一字形全钢防屈曲耗能支撑试验及抗震性能研究
发布时间:2019-02-19 21:43
【摘要】:上世纪以来,世界范围内的大地震已造成了惨痛的人员伤亡与巨大的经济损失。各国也愈发重视抗震工程的研究,因此消能减震技术得以迅速地发展。防屈曲支撑的发明初衷是为了防止普通支撑在地震往复荷载下的受压屈曲,而研究表明,防屈曲支撑不仅能够提高结构的侧向刚度,还可以耗散地震能量。目前的研究多集中于外围约束单元为钢筋混凝土、钢管混凝土或方钢管、圆钢管的防屈曲支撑,且对于以不同钢材作为内核芯材的防屈曲支撑对结构整体抗震性能的影响尚未有具体的研究成果。
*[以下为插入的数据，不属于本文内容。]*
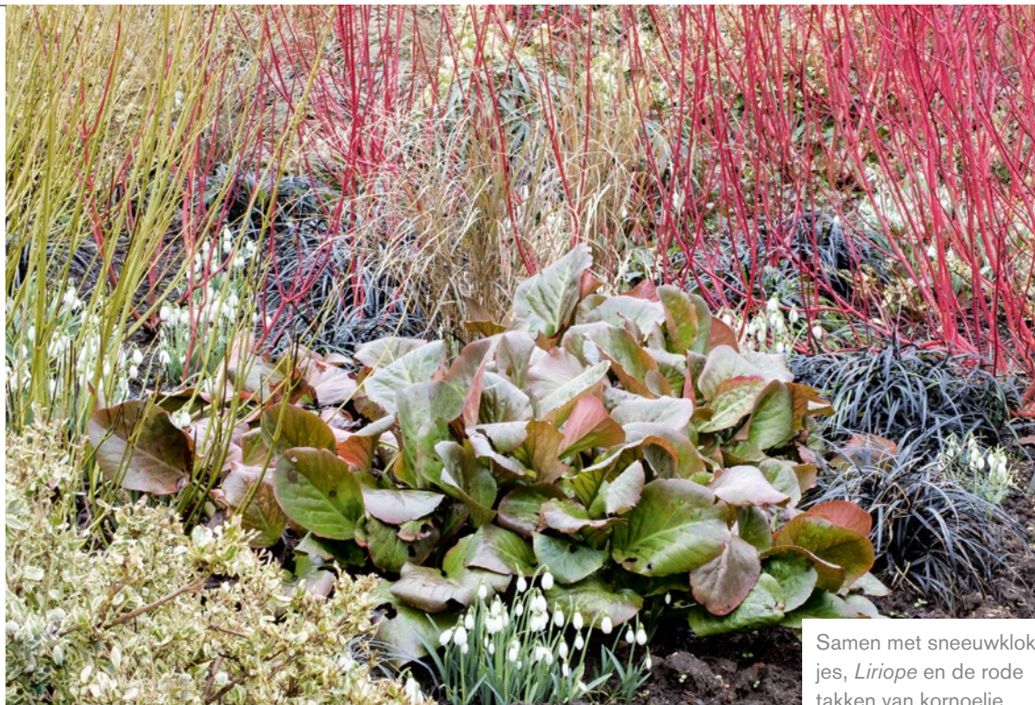
Samen met sneeuwklokies, Liriope en de rode takken van kornoelje.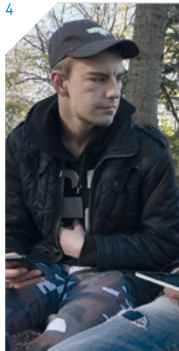
Cover: Filmscène uit 'Ik ben geen probleemkind...'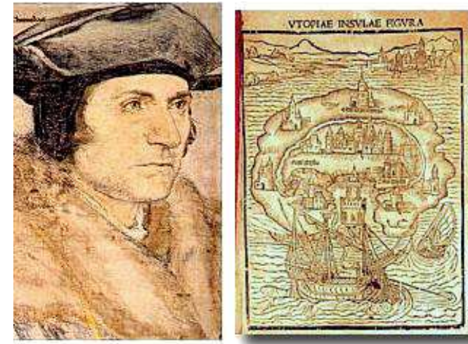
Thomas More et son Utopia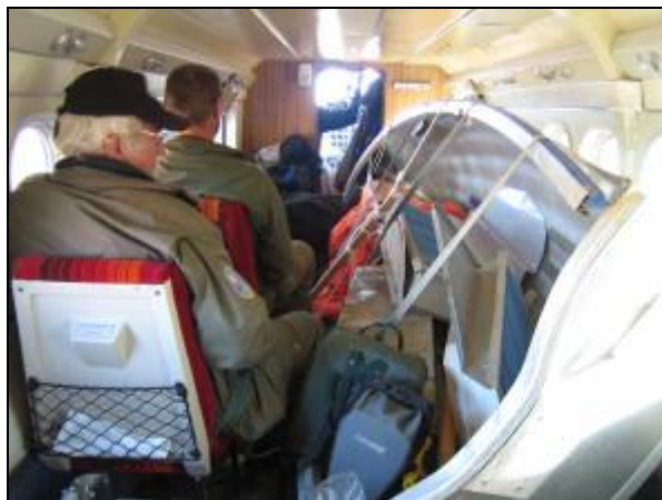
Med alujollen som blind passager!

Næste morgen fløj vi mod Danmarkshavn i det skønneste vejr. Vi var de eneste passagerer, og med ubegrænset sigt over terrænet fik vi hurtigt et indtryk af, hvad der ventede os. På den en time lange flyvetur var

本文针对一种一字形内核外包双腹板工字形钢的新型防屈曲支撑进行了试验及数值研究,主要内容如下: 首先对采用LY225和SN490这两种不同芯材的8根防屈曲支撑构件进行循环往复加载试验,研究该一字形防屈曲支撑在循环往复荷载作用下的滞回曲线、受力性能、破坏模式,并通过对比试验,考察该支撑在不同内核芯材和不同支撑长度下的性能差异。结果表明以LY225为内核芯材的支撑的低周疲劳性能、塑性变形能力、附加阻尼比、延性等都优于以SN490为内核芯材的支撑,支撑长度增加,其低周疲劳性能和塑性变形能力会有所降低,支撑的受压段强化幅度则增大。 其次,通过有限元软件ABAQUS对试验的试件进行简化数值模拟。由于钢材的强化,目前广泛运用的双折线及三折线模型无法准确模拟往复荷载下支撑的响应,,构件的耗能能力与承载力水平明显被低估。本文利用随动强化和等向强化的组合模型提出试件的杆单元参数设定,旨在准确模拟不同芯材下支撑的滞回曲线形状,以进行带防屈曲支撑框架结构的弹塑性分析。 最后,设计了两栋混凝土框架结构,分别添加了以SN490、LY225和LY100为内核芯材的防屈曲支撑,并设定支撑刚度一致和屈服力一致两种工况,进行了各烈度下结构的弹塑性时程分析。结果表明:在支撑刚度已定的情况下:对于多层框架结构,选用SN490作内核芯材的支撑减震效果要优于LY225和LY100;对于高层结构,选用LY100为内核芯材则能得到更小的层间位移。在支撑屈服荷载已定的情况下,选用LY100为内核芯材的减震效果最好;人字形防屈曲支撑的交叉处梁容易出现塑性铰。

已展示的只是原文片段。